SACGF / variantgrid

VariantGrid public repo
Other
23 stars 2 forks source link

Optimise HGVS in Annotation VCF upload processing #1128

Open davmlaw opened 3 months ago

davmlaw commented 3 months ago

Found while investigating SACGF/variantgrid_com#82

The SV pipeline does its own HGVS as VEP doesn't support symbolic variants

However it seems to run really slow. It errors with:

HGVSConverterType.CLINGEN_ALLELE_REGISTRY: ClinGeneAllele API Error: VariationTooLong (Variation given on the input is too long.

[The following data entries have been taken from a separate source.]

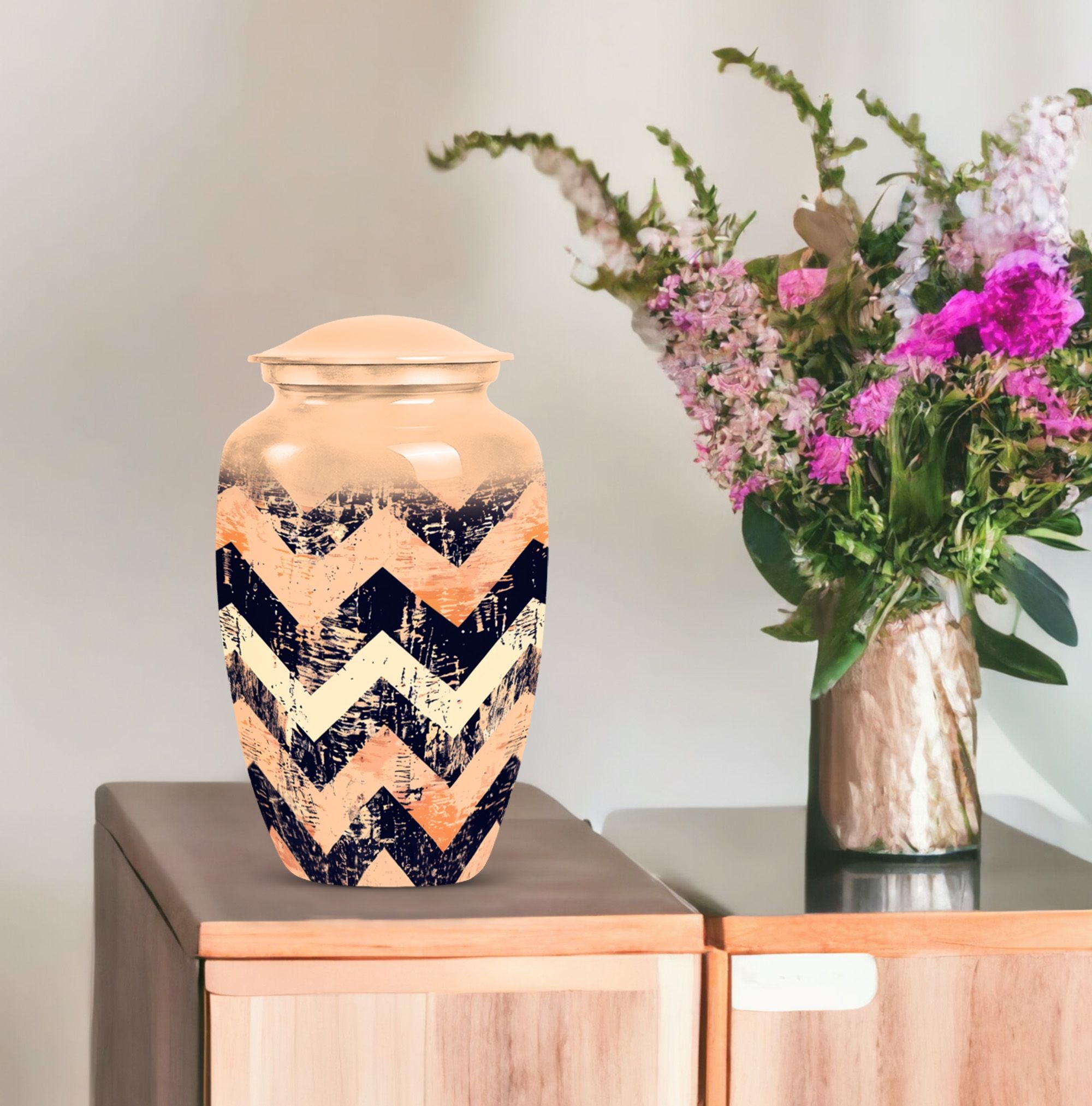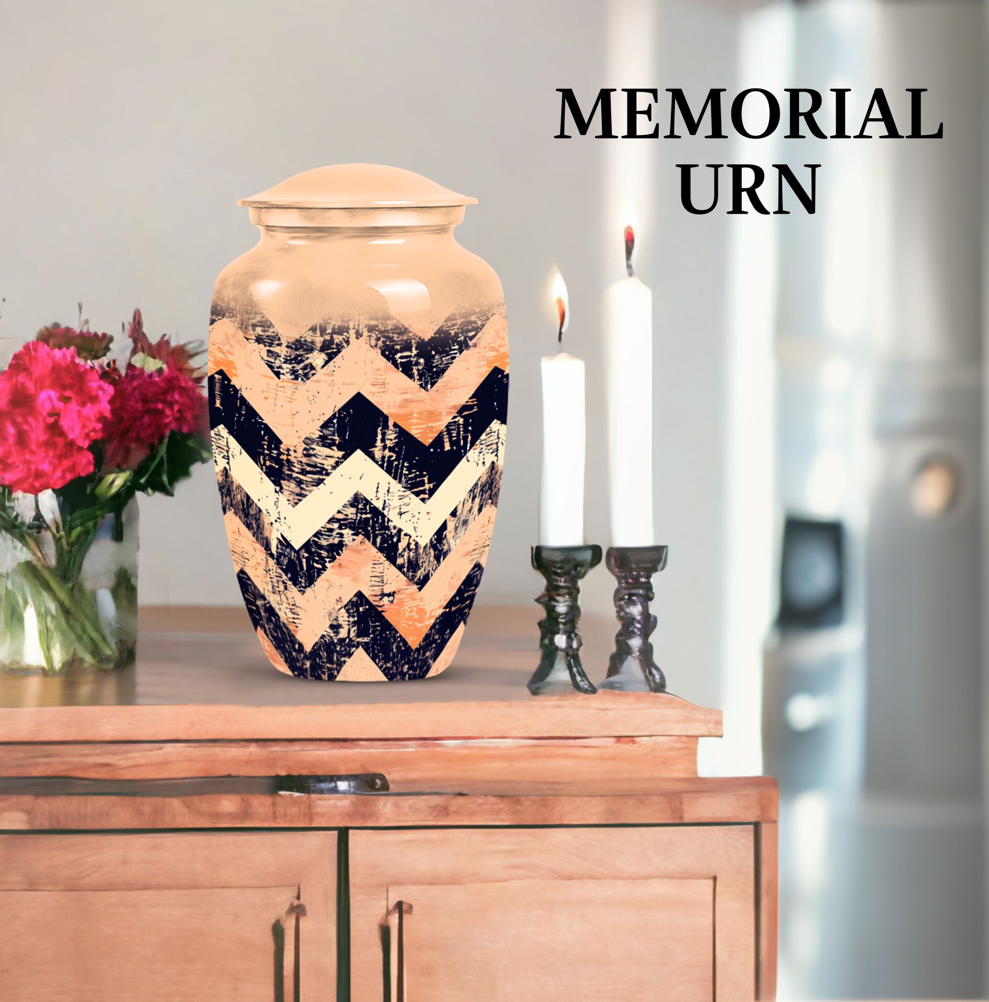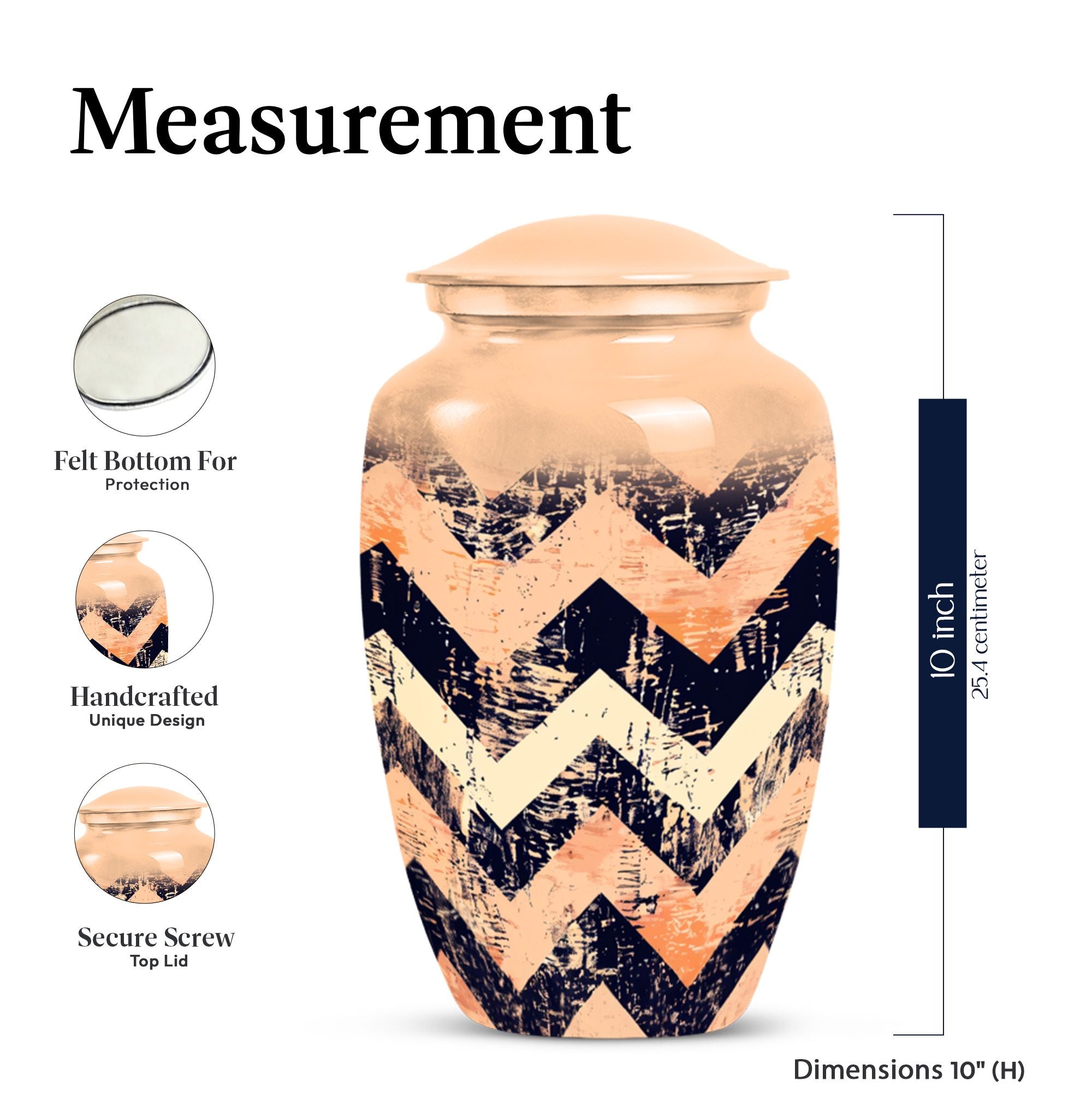 Honor your loved ones eternally with our Abstract Pattern Urn, a unique large urn for human ashes. Our specialty urn, meticulously crafted from robust Aluminium, guarantees lasting quality as it resides with you. An impressive height of 10 inches and a capacity of 200 cubic inches make this urn suitable for housing substantial amounts of ashes with ease. Despite its size, the urn maintains a manageable weight of a mere 3.3 pounds. We believe in making this already meaningful piece even more personal by offering customized engravings of names on it. Our abstract-themed urn comes with an elegant velvet pouch for safe containment and transfer of ashes. You can place this urn in your home as a poignant memorial tribute or use it for cremation or burial ceremonies. This urn distinguished by its classic design, bridges the gap between tradition and contemporary style. It redefines memorial urns, setting a new standard in the ceremony supplies sector. Note: The secondary keywords for this product are memorial medium urns for ashes, cremation urn burial, funeral, and funeral cremation urn.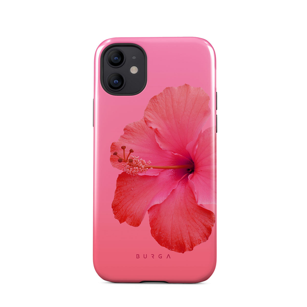 Our Island Girl iPhone 12 phone case design bursts with the fiery red of a hibiscus in full bloom against a dreamy pink backdrop. Perfect for those who embody the spirit of a sun-kissed island retreat.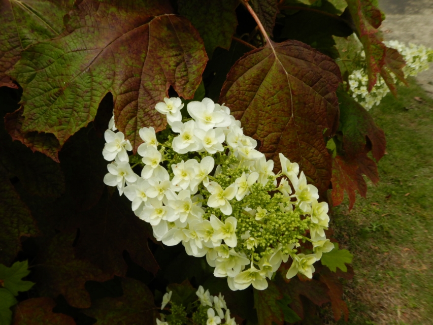 カシワバアジサイ(場所: 花の丘道、芝生広場海側園路沿いほか)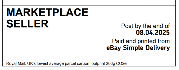 If this is true then it would appear ebay have sorted an agreement with ebay. Maybe when Marco stated earlier that the PO's must accept. he may well have been correct but not party to all the information, i.e. 'market place seller' on the label.

There is 10000 bp limit for variation's length.) for input 'NC_000017.11:g.43078305_43084385dup'

I thought the limit was 10k as 43084385 - 43078305 = 6080 so that should be ok

But even if you just enter it in the search you get VariationTooLong

davmlaw commented 3 months ago

Paper says

The maximal nucleotide (transcript or genomic) allele size is 10,000 bp

43084385 - 43078305 = 6080 43083385 - 43078305 = 5080 - fails 43083300 - 43078305 = 4995 - this works

davmlaw commented 3 months ago

I think this is a bug with ClinGen Allele registry, have raised an issue with them and will use a work around until they fix it

davmlaw commented 3 months ago

The end result is that we fail early for ClinGen requests for dups over 5k, saving an API call - This is not really user testable

davmlaw commented 2 months ago

Not really user testable. SV pipelines have continued to run, make less API calls

EmmaTudini commented 2 months ago

Re-opening for Shariant testing Increases stability of liftover by not trying to contact ClinGen if there’s 5000+ base pair dups. Will fail ClinGen liftover, but will no longer block other variants in the queue.